NIT-1 was conducted as a multicentre, noninterventional study in 18 hospitals across Europe in patients undergoing one of four surgical procedures: these were sternotomy, total knee arthroplasty (TKA), breast cancer surgery, and endometriosis surgery. The patients completed questionnaires about their pain at seven time points: pre-operatively (the patients were interviewed the day before surgery or the morning of surgery when surgery was ambulatory), on postop day (POD)1, POD3, POD7 and postop month (POM)1, POM3 and POM6. At these time points, patients were evaluated with established instruments measuring patient-reported outcomes, modified questionnaires, and selected single items. The data, timing of data collection and modality of analysis (i.e., continuous or dichotomous) are presented in Table 2. Twenty-eight different questionnaires in eight languages were used (7 time-points × 4 procedure specific questionnaires in English, French, German, Italian, Serbian, Finnish, Spanish and Portuguese). Three types of items were incorporated into the PROMPT NIT-1 questionnaires: existing questionnaires, modified existing questionnaires, and newly developed items. Translations were available for most of the existing questionnaires whereas modifications and new questions required translation.
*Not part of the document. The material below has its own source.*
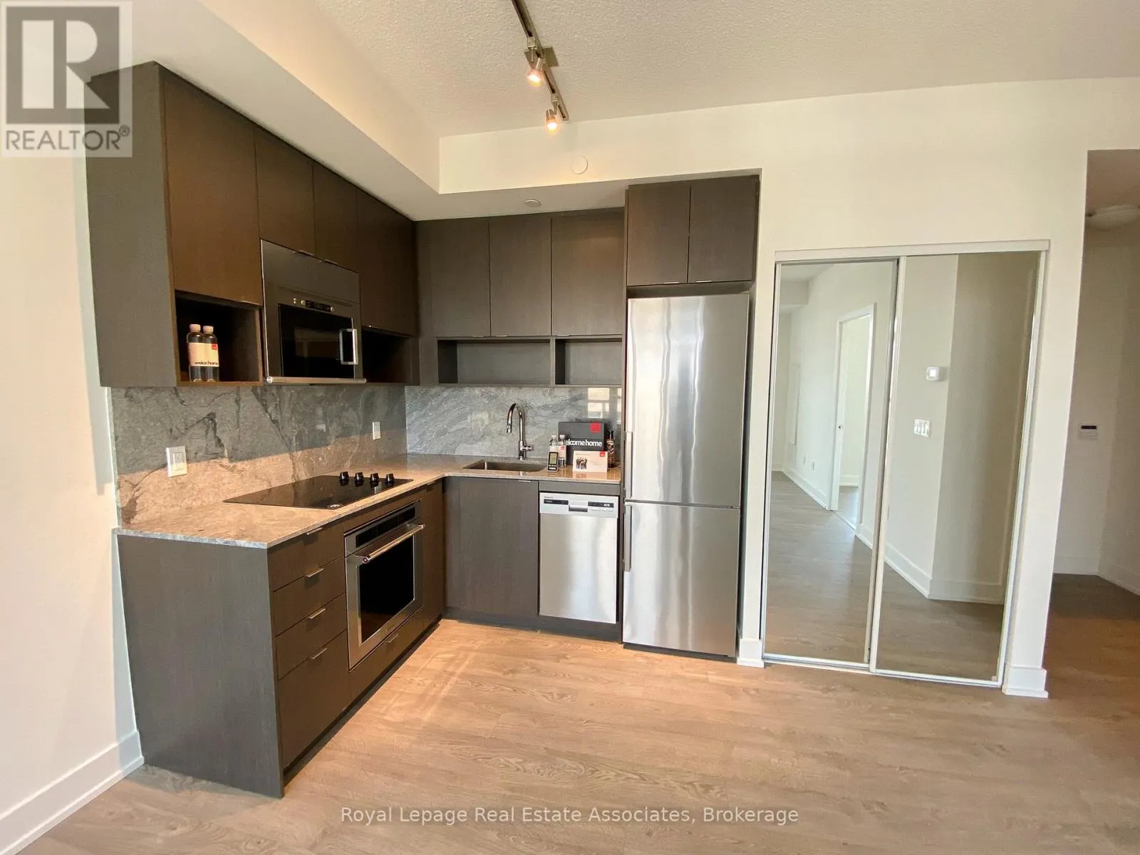 Bloor & Islington Welcome to Islington Terrace by Tridel, a well-established residence offering efficient, modern living in the heart of Islington-City Centre West. This bright 1-bedroom suite spans 530 sq. ft. and features a clean, open-concept layout designed to maximize space, natural light, and everyday comfort. The contemporary kitchen is finished with full-height cabinetry, integrated stainless steel appliances, and quartz countertops, seamlessly connecting to the combined living and dining area. Wide-plank flooring and expansive windows enhance the airy feel of the space, while the Juliette balcony allows fresh air and an added sense of openness throughout the suite. The bedroom offers a well-proportioned layout with a large closet and floor-to-ceiling window, complemented by a modern 4-piece bathroom with sleek tilework and a streamlined vanity. In-suite laundry is neatly tucked into a dedicated closet, and the suite includes one locker for additional storage. Residents enjoy access to a curated collection of amenities including a fitness centre, games room, guest suites, and 24-hour concierge service. Steps from Islington Station, parks, grocery stores, cafés, and everyday conveniences, this suite offers comfortable, well-connected urban living in one of Etobicoke's most accessible neighbourhoods. (id:27476)

Translations were carried out according to a defined forward-backward-procedure with double-checks as previously reported.12,13

Table 2.

Questionnaires used in IMI PROMPT NIT1 observational study

Questionnaires Pre-op Intra-operative POD1 P0D3 POD7 M1 M3 M6
Demographics X
Educational level X
Comorbidities X
Clinical data
 - ICD-10-CM X
 - Anaesthesia X
 - Type of surgery X
IPO (modified) X X X X
PROMs (WP2) X X X X
ASES adapted X
Pain
 - BPI X X X X
 - DN4 interview X X X X X X
 - NPSI X X
Analgesic use X X X X X X X X
PSQ X
Adverse events X
Psychological profile
 - HADS X
 - PCS X
 - Pain expectation X
QOL (EQ-5D-5L) X X X X
Laboratory values
 - WBC, CRP X X

ASES adapted, 11-point scale using a modified version of the Arthritis Self-Efficacy Scale and used as a continuous scale; BPI, Brief Pain Inventory used as a dichotomous variable with the pain interference total score; CRP, C-reactive protein; DN4, Douleur Neuropathique 4 questions questionnaire used as a dichotomous variable; HADS, Hospital Anxiety and Depression scale used as a continuous variable; ICD-10-CM, International Classification of Diseases – Tenth Revision – Clinical Modification; IPO, International Pain Outcome Questionnaire; NPSI, neuropathic pain symptom inventory used as a continuous variable; Pain expectation, questionnaire on pain expectation used as a continuous variable; PCS, Pain catastrophising scale used as a continuous variable; PROMs,patient related outcome measures; PSQ, Pain sensitivity questionnaire used as a continuous variable; QOL, quality of life; WBC, white blood cell; X, indicates that the questionnaire was used at the time point.

Statistical analysis

The primary end point was the incidence of moderate to severe CPSP (NRS > 3/10) at 6 months using the average pain on the BPI (Brief Pain Inventory) questionnaire (‘Please rate your pain by circling the one number that best describes your pain on the average’). Secondary outcome measures were the incidence of moderate to severe CPSP at 1 and 3 months; and neuropathic pain characteristics and pain interference with daily activities for patients with CPSP at 6 months. The neuropathic component of pain was evaluated with the DN4 interview questionnaire which has been validated previously to distinguish neuropathic pain (positivity if score on the DN4 questionnaire ≥ 3/7).14,15 This questionnaire was used both pre-operatively and postoperatively to create a dichotomous variable. The functional interference with daily activities was evaluated with the pain interference total scores (PITS) obtained from the BPI questionnaire.16 The psychological interference was evaluated with the Hospital Anxiety and Depression Scale (HADS).17 The quality-of-life interference was evaluated with the EQ-5D-5L questionnaire.18 The location of pain in the pre-operative and the postoperative period was identified in the BPI diagram with the question ‘the area that hurts the most’ since we considered it was the most problematic type of pain for the patient. The CPSP was defined according to this area that hurts the most whatever the location

The power calculation was based on an expected incidence of 15% for moderate-to-severe CPSP and an expected follow-up rate of 67%.19,20 Thus, 4000 data sets (1000 for each surgical procedure) had to be included to result in 400 patients with CPSP.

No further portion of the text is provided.